Acabamos la botella de coñac y seguimos con una de vino que me habían

regalado hacía poco tiempo. Le hablé de Clara y de la niña, del amor que sentía por

ellas; le hablé, además, de los procesos que se siguieron para la consecución de mis

libros. De mi juventud, de mis amigos, de mis lecturas, y todo pareció carecer de

sentido. Este hombre me veía como a un héroe y mi vida había transcurrido sin

ningún sobresalto. No era un héroe sino un cobarde, pero él parecía no reconocerlo,

sus ojos seguían llenos de admiración.

Lo conduje hacía la cocina en busca de algo de comer. Se sentó en la pequeña

mesa donde come Teresa mientras yo preparaba unos emparedados. Saqué los

ingredientes de la nevera y me senté con él en la mesa a terminar de preparar todo.

Partí el queso, puse el jamón y el tomate y le ofrecí el alimento. Le propuse que


esperara mientras iba a la sala a buscar el vino para acompañar la comida. Una vez en

la sala vi, sobre la mesa de centro, uno de mis libros que mi invitado había estado

ojeando. Decidí regalárselo y lo firmé con una dedicatoria. “Para mi más fiel

admirador y amigo”.

Regresé a la cocina con el vino y el libro. Me senté en la mesa y, luego de

haberle servido algo de licor, le extendí mi mano con el obsequio. Lo tomó con

nerviosismo y lo abrió. Sus ojos se llenaron de lágrimas cuando leyó la dedicatoria.

Cogió el libro con la mano izquierda y me estiró su mano derecha para estrechármela

en agradecimiento. Hice lo propio. Su boca se abrió lentamente y comenzó a dejar

salir unas palabras entrecortadas. Finalmente me dijo: “Señor, no sé cómo

agradecerle. No sólo se trata de este libro, sino de todo. Créame, sus libros me dieron

razones para mantenerme vivo”.

De pronto algo comenzó a producirse en mi pecho, sentí latir nuevamente mi

corazón, como no lo había sentido durante todos estos últimos días. Ahí estaba yo,

dándole la mano a un hombre completamente desconocido para mí y que me

responsabilizaba de su vida. Yo, un tipo cualquiera, sin ceremonias, sin razones, sin

motivaciones, tenía el poder de otorgarle vida a un desconocido. Una sonrisa se

dibujó en mi cara, pero se fue transformando lentamente. Ya no era una sonrisa sino

una horrible mueca. Mi invitado se asustó e intentó soltarse de mi mano, pero no se lo

permití. Comencé a reírme de forma descompuesta. Las carcajadas recorrían toda la

casa. Me callé y lo miré a los ojos, sin soltar su mano. Tomé el cuchillo con el que
había partido el queso en mi mano izquierda y le hice una profunda herida en su

antebrazo derecho. Su grito debió haberse oído incluso en la calle. Me miraba

completamente aterrado y yo comencé a reír nuevamente. Supongo que pensó que el

momento de su muerte se acercaba, al menos eso parecían indicar sus ojos.

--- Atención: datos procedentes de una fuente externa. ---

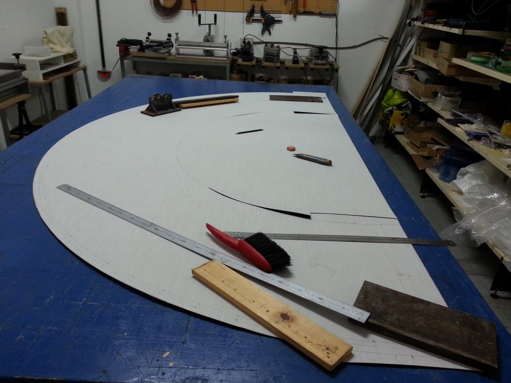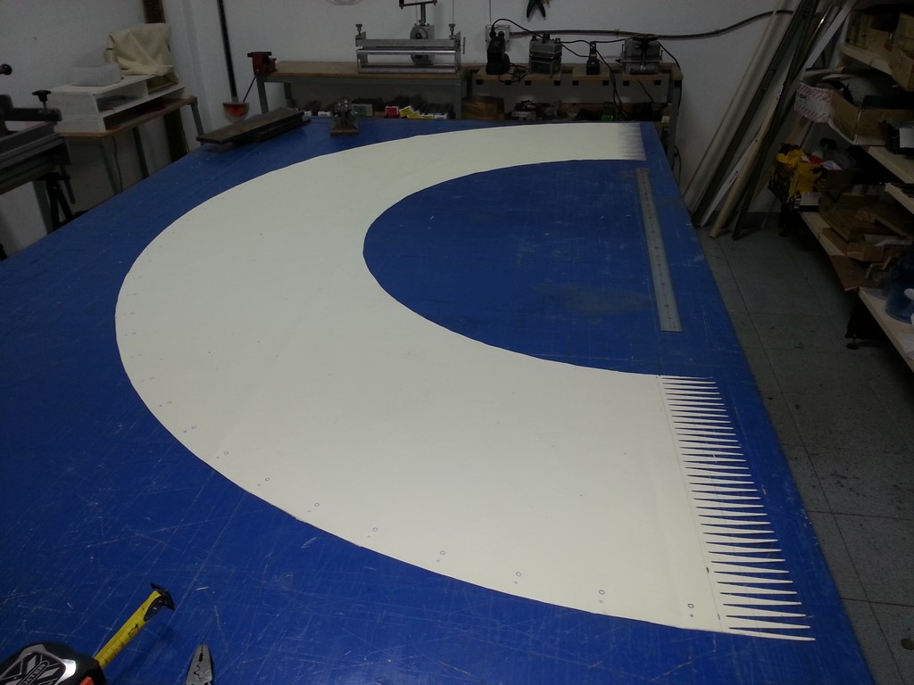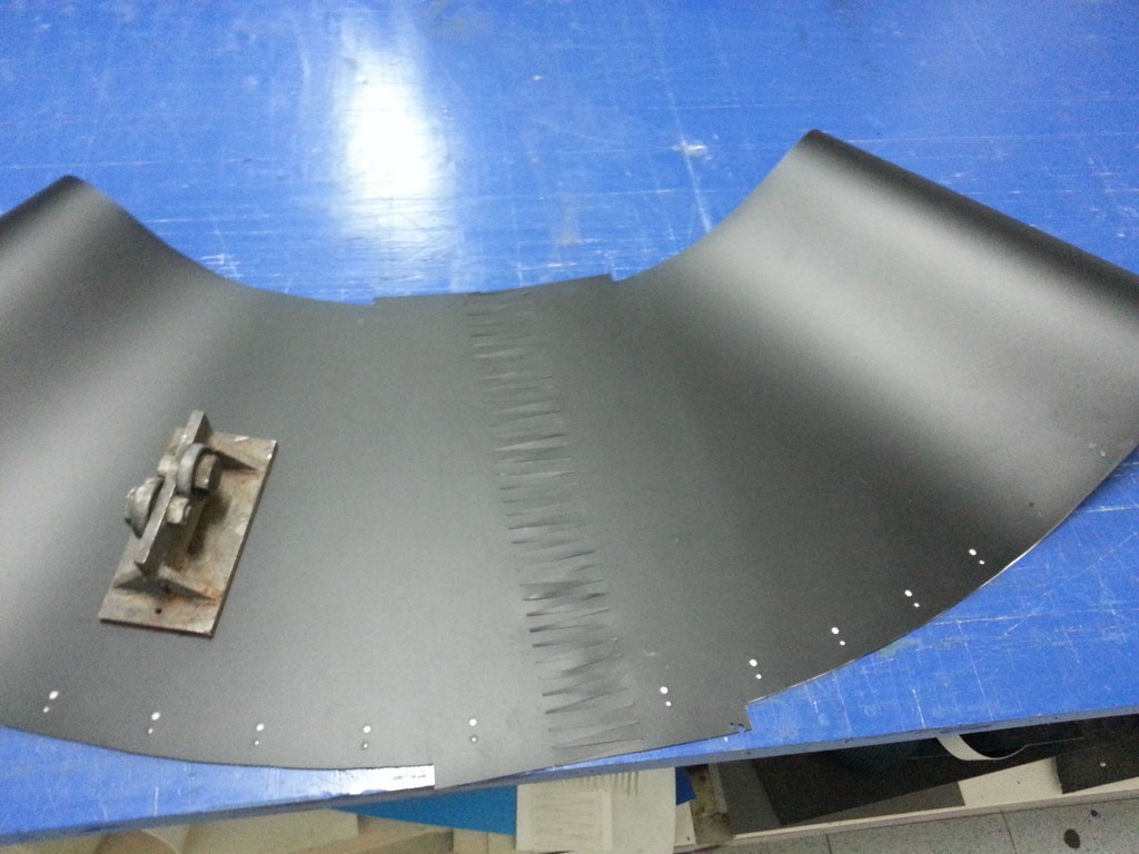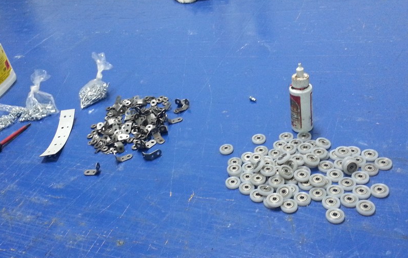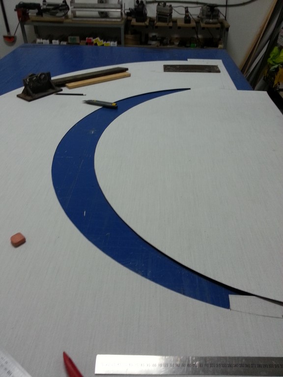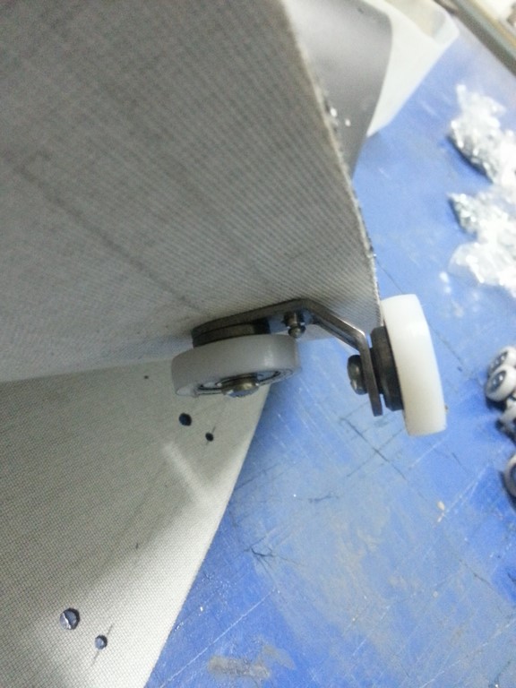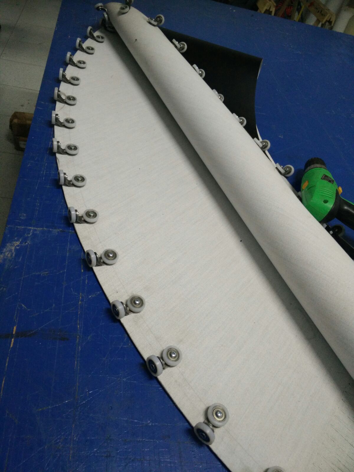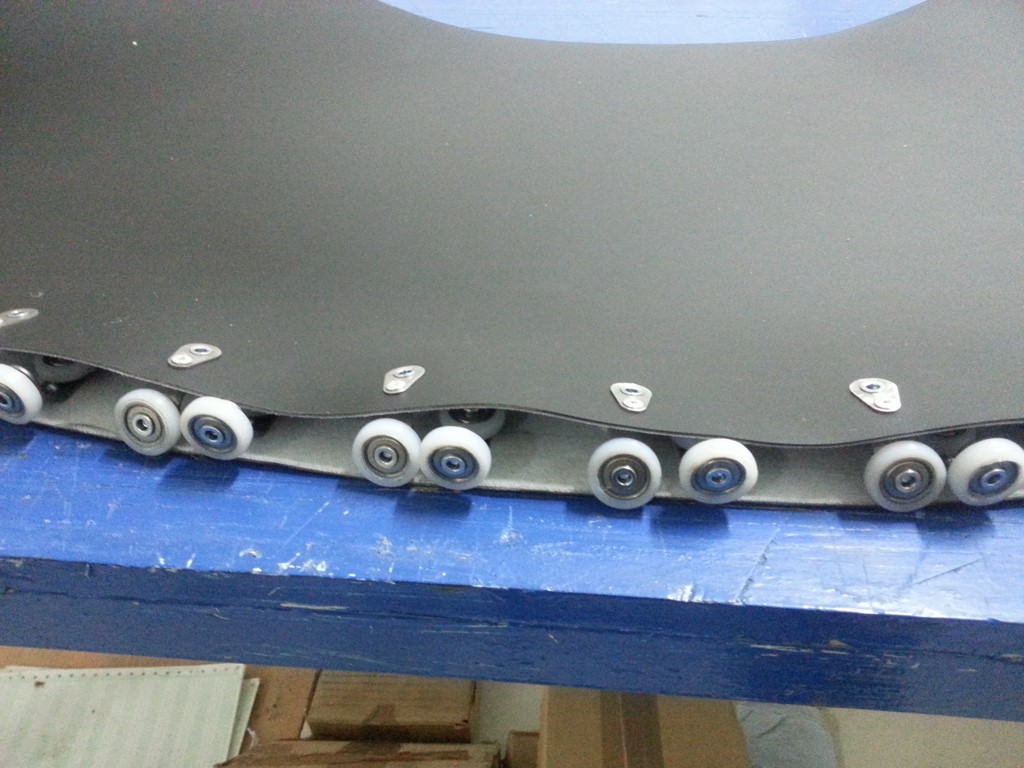 Fabricación local en nuestro taller de banda de pvc para curva 90° de transportador de periódicos con sistema de guiado de ruedas de ejes ortogonales.

Forcejeaba pero yo no lo soltaba, mientras su sangre se deslizaba a través de todo su

brazo hasta humedecer mi mano y caer posteriormente en grandes goteras sobre la

mesa, manchando la comida. Hasta que al fin lo solté. Lo vi salir huyendo de la casa,

dando saltos y alaridos, dejando un camino con su sangre. Seguí riendo durante unos

cuantos segundos más hasta que caí exhausto en la silla. Permanecí allí un rato hasta

que tuve fuerzas para ir a mi habitación. Mientras me dirigía hacia allá vi tirado en el

suelo, al lado de la mesa, el libro que le había regalado a mi más fiel admirador y

amigo. Pensé que era una descortesía de su parte el no habérselo llevado y volví a

sonreír.

Me acosté en mi cama realmente cansado. Sabía que debía levantarme

temprano para preparar mi viaje a Manizales a recibir el homenaje y a encontrarme

con mi esposa y mi hija. Sabía, además, que tenía que prepararle una buena excusa a

Teresa para justificar el desorden de la cocina. Y sabía que a partir de mañana todo

volvería a la normalidad, que volvería a mis rutinas y a mi tradicional estilo de vida,

tan bien programado y tan bien estructurado.